CASCADE Conformal Prediction: Uncertainty-Adaptive Prediction Intervals for Two-Stage Clinical Decision Support¶

Conference: ICML2026
arXiv: 2605.20468
Code: https://github.com/rdiazrincon/cascade_conformal_pd
Area: Medical AI / Clinical Decision Support
Keywords: Conformal Prediction, Uncertainty Quantization, Two-Stage Decision Making, Venn-Abers Calibration, Parkinson's Disease

TL;DR¶

The CASCADE framework is proposed to propagate epistemic uncertainty from a first-stage classifier (quantified via Venn-Abers predictors) into second-stage regression prediction intervals. This enables a 38.9% reduction in interval width for high-confidence patients while automatically expanding safety buffers for uncertain cases, achieving adaptive coverage guarantees.

Background & Motivation¶

Background: Medication management for Parkinson’s Disease (PD) is a typical two-stage decision problem—first determining if a patient needs a medication adjustment (classification), then predicting the dose adjustment magnitude (regression). Levodopa Equivalent Daily Dose (LEDD) is the standard metric for medication load, but the optimal titration process remains highly dependent on clinical trial-and-error. Recently, AI-driven clinical decision support systems have adopted two-stage architectures to assist this process.

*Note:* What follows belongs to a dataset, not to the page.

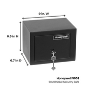This Honeywell 5002 Small Steel Security Safe features 2 solid steel live lock bolts, with a 0.19 cubic feet storage capacity, solid steel cabinet and door design, concealed hinges and recessed doors to resist against prying. The Honeywell safe product line provides safety and security for your essential documents and most valuable possessions while affording you the peace of mind that comes from being prepared in the event of a disaster, theft, or an invasion of your home or office. There is a scratch-resistant powder coat finish. Has mounting capabilities with the predrilled holes and mounting kit included. Backed by a 7-year limited warranty.

Limitations of Prior Work: Standard Conformal Prediction (CP) methods operate independently during the regression stage, entirely ignoring the uncertainty of the first-stage classification decision. This implies that for patient A (where the classifier is 99% certain of an adjustment) and patient B (a borderline case with 55% confidence), the regression model provides prediction intervals of identical width. Predictions for patient B carry extreme clinical risk, as overconfident dose recommendations can lead to Levodopa-Induced Dyskinesia (LID).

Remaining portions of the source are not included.